According to the American Sleep Association, 50-70 million adults in the United States have a sleep disorder. Insomnia is the most common specific sleep disorder. In 2008, approximately 28 percent of surveyed adults in the U.S. reported frequent insufficient sleep (14 or more days in the past 30 days), which has been associated with poor general health, frequent mental and physical distress, depressive symptoms, anxiety and pain.

Not being able to sleep well can be frustrating. Different sleep issues may require different solutions, whether avoiding caffeine in the afternoon and evening, avoiding TV and computer screens at bedtime, resetting your internal clock to gradually modulate exposure to light or even resorting to sleep medications.

Living in a 24/7 society often adds to the challenge of getting enough sleep because there are more opportunities to stay awake, such as watching 24-hour cable TV, browsing the Internet, emailing friends or colleagues, or working longer shifts.

But now, researchers are exploring specific genes that may trigger the development of sleep problems as well as demonstrating a genetic link between insomnia, psychiatric disorders or physical conditions, such as Type 2 diabetes.

Studies had previously shown a heritable basis for various sleep-related traits, including insomnia, but robust genetic risk variants have just recently begun to be identified.
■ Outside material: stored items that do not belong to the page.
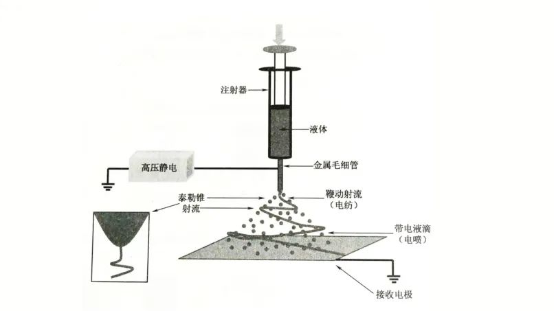静电纺丝的基本设备包括:高压电源、喷丝头、接受装置
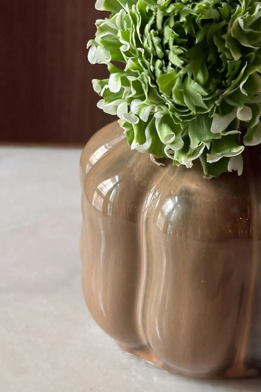 Jarrón artesanal de cerámica esmaltada en tono marrón, con un diseño orgánico que recuerda la forma de una calabaza o fruto otoñal. Su acabado brillante realza las suaves curvas y texturas del modelado, aportando un toque natural y elegante a la decoración.
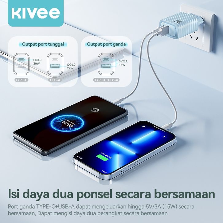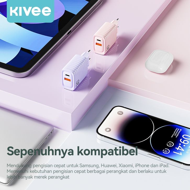 HOT KIVEE Charger iphone Fast Charging 30W Type C USB Dual Port For Samsung Xiaomi FIFO OPP Murah dan Berkualitas
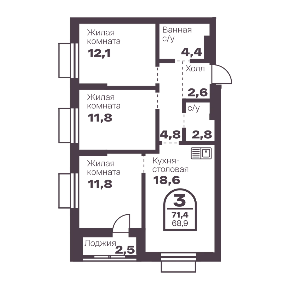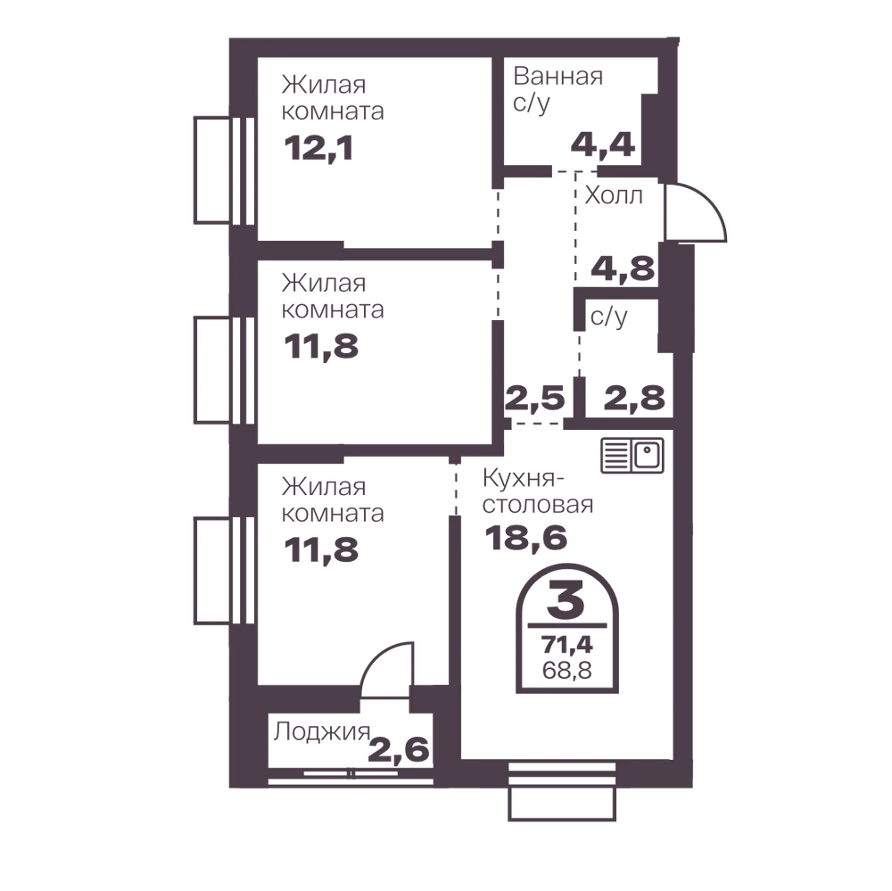 2-комнатная 62.1 м
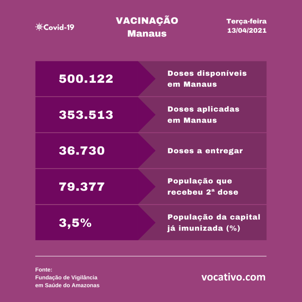 Dados parciais do Programa Nacional de Imunização (PNI) apontam que 672.991 doses foram aplicadas em todo o estado até esta terça, sendo 502.089 de primeira dose e 170.902 de segunda dose. Em Manaus foram aplicadas 353.513 doses, sendo 274.136 de primeira e 79.377 de segunda.
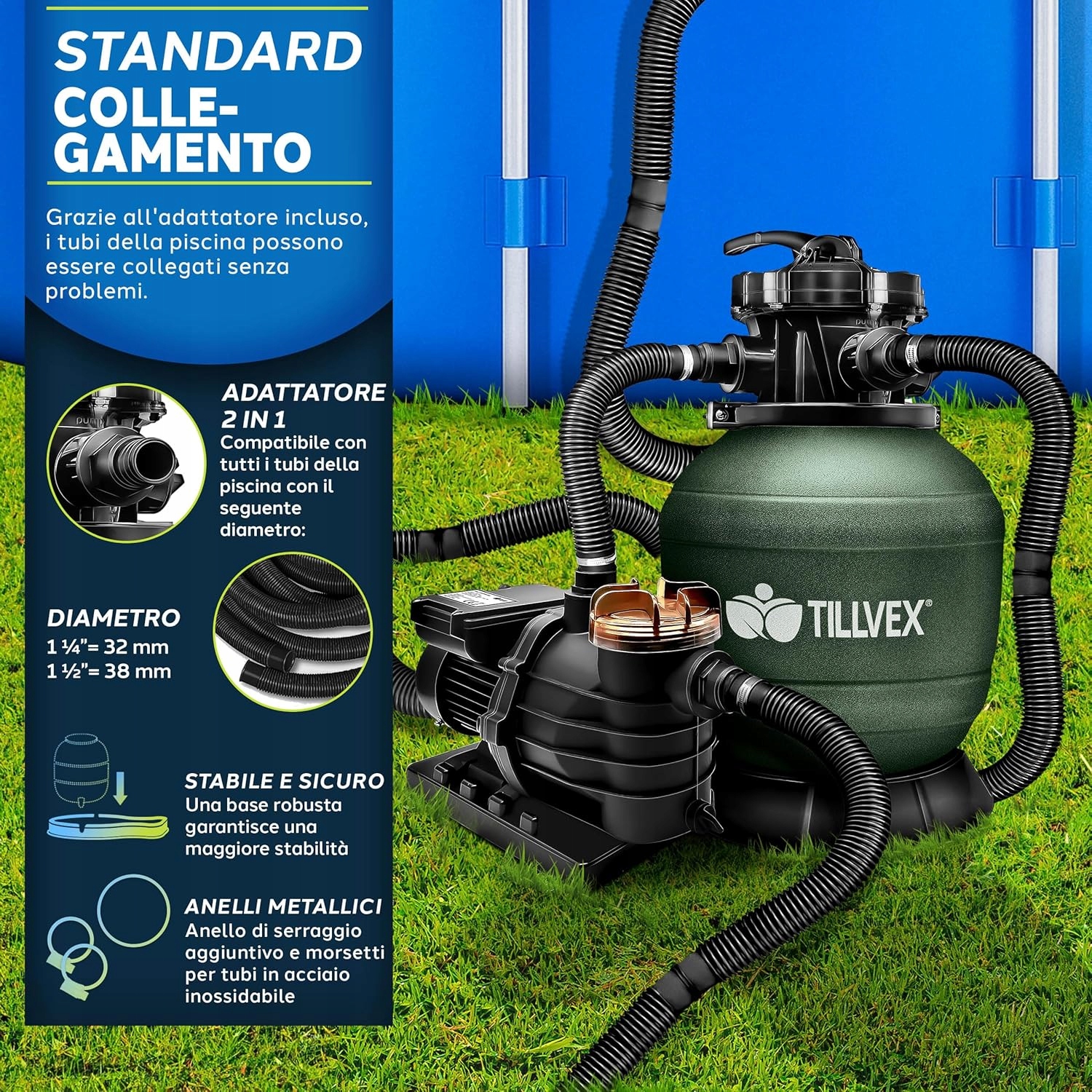 Завдяки вбудованому адаптеру можна використовувати з Шланги для басейну 32 або 38 мм. Система фільтрації підходить для басейнів або дитячих басейнів. Ефективний фільтр для басейну значно скорочує споживання води. Ось чому варто обрати нашу перевірену систему піщаних фільтрів.
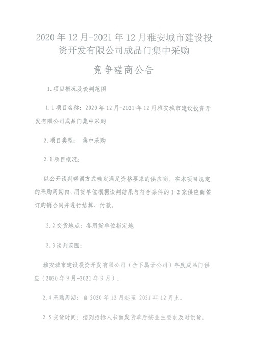 2020年12月-2021年12月雅安城市建設(shè)投資開(kāi)發(fā)有限公司成品門集中采購(gòu)競(jìng)爭(zhēng)磋商公告
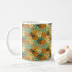 Cette tasse a un design moderne du milieu du siècle d'un adaptateur d'enregistrement qui se superpose partout en tan, blanc cassé, marron, orange, turquoise, bleu et vert.
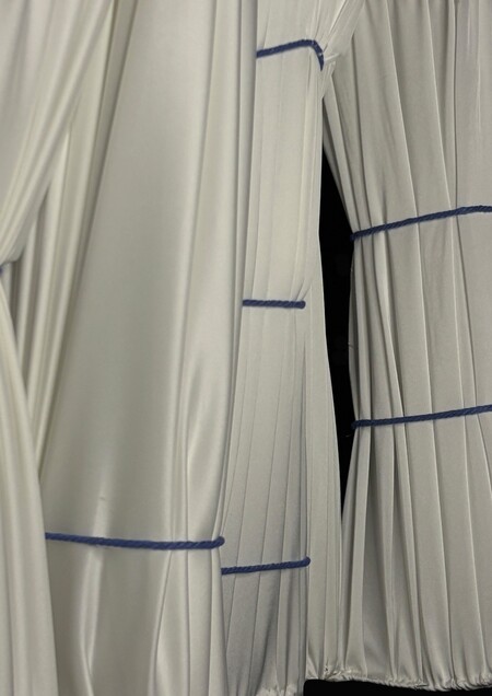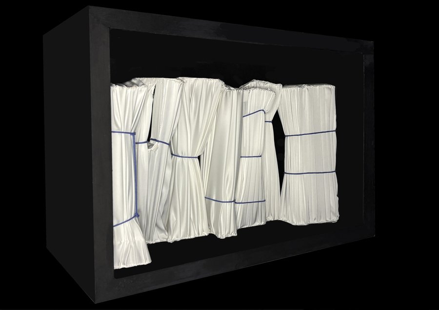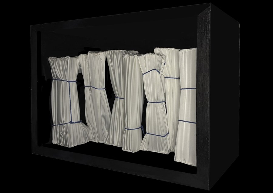 Витрина представляет собой обернутое имя художника. Нечеткие контуры создают ощущение движения, приглашая зрителей к размышлениям о том, что истинное значение и функция могут быть скрыты под поверхностью.

In a new study, Murray Stein M.D., MPH, FRCPC, of the University of California San Diego and the VA San Diego Healthcare System, and his colleagues conducted genome-wide association studies (GWAS) of soldiers in the Army Study To Assess Risk and Resilience in Servicemembers (STARRS).

GWAS were carried out separately for each ancestral group (European, African, Latino) using logistic regression for each of the STARRS component studies (including 3,237 cases and 14,414 controls), and then meta-analysis was conducted across studies and ancestral groups. Data from soldiers of European, African and Latino descent were grouped separately as part of efforts to identify the influence of specific ancestral lineages.

A meta-analysis including three ancestral groups and three study cohorts revealed a genome-wide significant locus and a genome-wide significant gene-based association in Europeans. Polygenic risk for sleeplessness/insomnia severity in the UK Biobank was significantly positively associated with likelihood of insomnia disorder in STARRS.

The study confirms that insomnia has a partially heritable basis. The researchers also found a strong genetic link between insomnia and Type 2 diabetes among participants of European descent and noted a genetic tie between sleeplessness and major depression, all of which could be critical for the development of new treatments.